With trembling hands, she tore into the next envelope—her Home Improvement account—only to discover the same thing, one withdrawal a week, $250 a shot, four times in the course of the month. And so it went, in every account. Betsy worked in a state of rising fury until she had the whole year’s worth of statements opened and accounted for. And there were the cold hard numbers. In one year, someone had relieved her of $60,000 without her knowledge or consent.

Too late she realized that Alton had been right to do the accounting every month. Had she done that, she could possibly have limited her loss. But now? Her first instinct was to pick up the phone, dial the first bank, and go to war with the manager. She had the phone in her hand when she thought better of it and put the receiver back on the hook. The bank statements for January had not yet arrived. If she called the bank and alerted them, that might also serve to alert whoever was doing it.

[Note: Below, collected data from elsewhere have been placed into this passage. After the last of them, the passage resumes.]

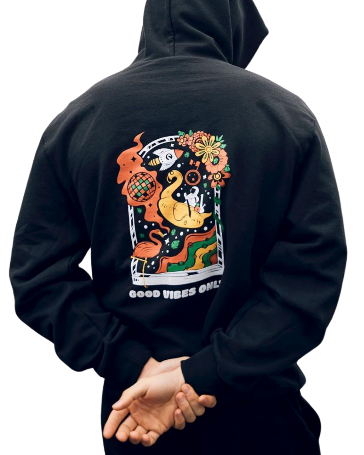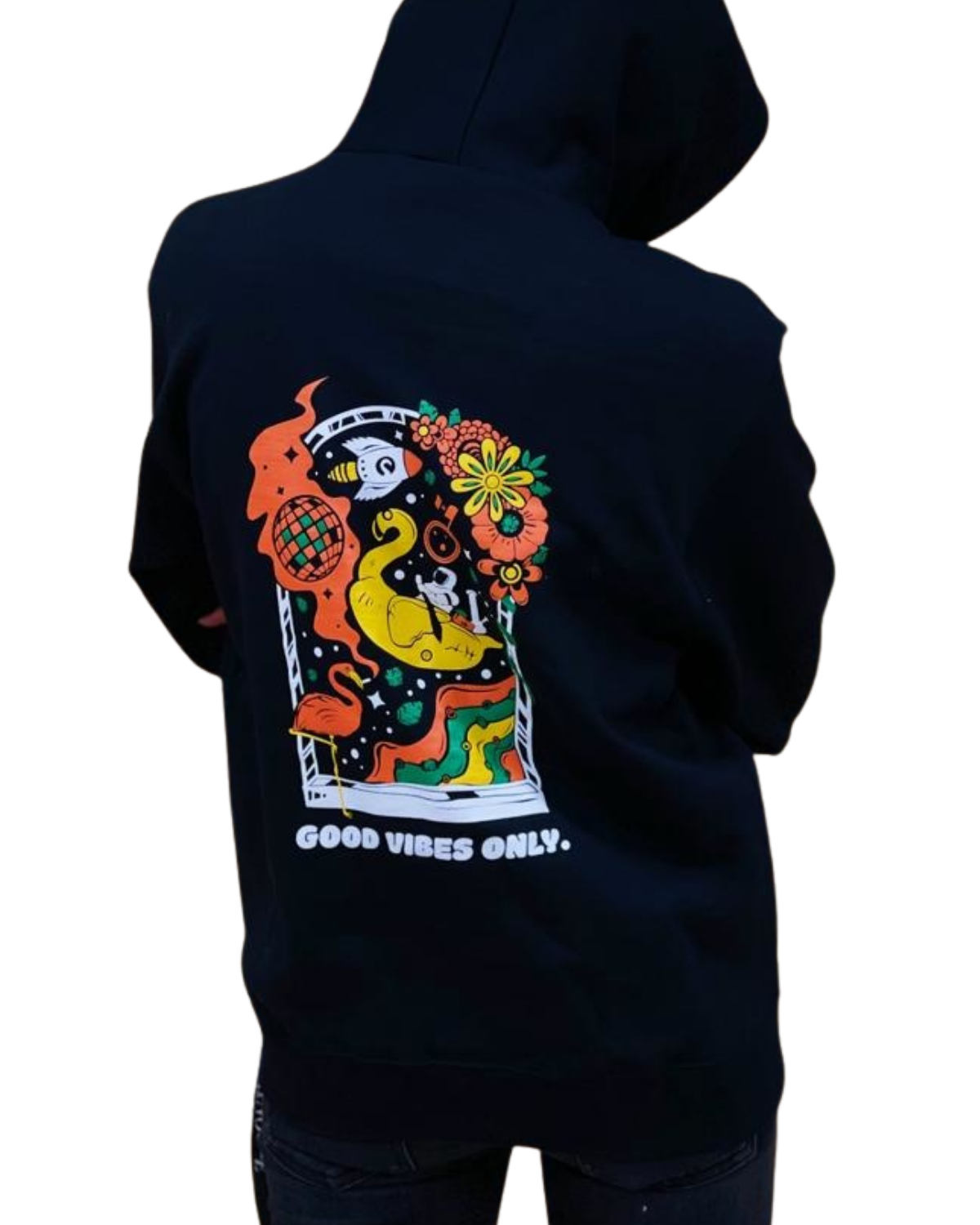 This hoodie's design was inspired by 420 culture and good vibes only! It has unique trippy Flamingo graphics on the back and "Good Vibes Only" sign on the front. We love streetwear, and creating this design was our way to pay homage to this growing style!
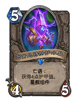 - 旧:嘲讽。亡语:获得4点护甲值。星舰组件。
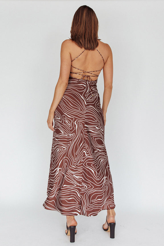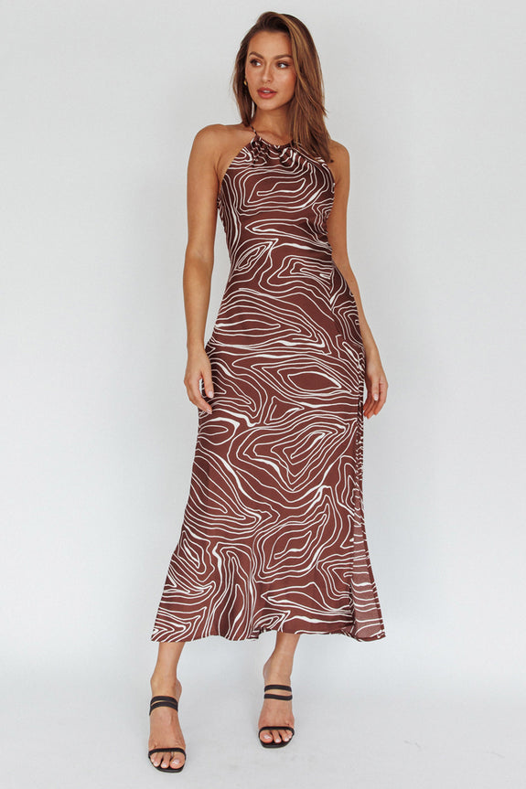 Onella Halterneck Laced Back Maxi Dress Ripple Brown

She wanted the guilty parties caught and punished every bit as much as she wanted them stopped.

Instead, she tracked down the phone number for Joe Friday, the guy who had installed what he had explained was something like a distant band of guardian angels there to watch over her.

“Good morning, Betsy,” he said when he answered. Obviously his caller ID was in good working order. “What’s up?”

“I’ve been going over my bank statements,” she said. “Someone has been making unauthorized withdrawals all year long in every one of my accounts. They’ve been using ATMs, which I’ve never once used. I’m mad as a wet hen about it, and I don’t know what to do.”

“I’ll call Stuart,” Joe said. “Believe me, this kind of thing is right up his alley. He’ll be back in touch as soon as possible.”

When the phone call ended, Betsy reached down, lifted Princess into her lap, and held her close. “See there?” she told the squirming dog. “I wasn’t just being paranoid. Someone really is after me.”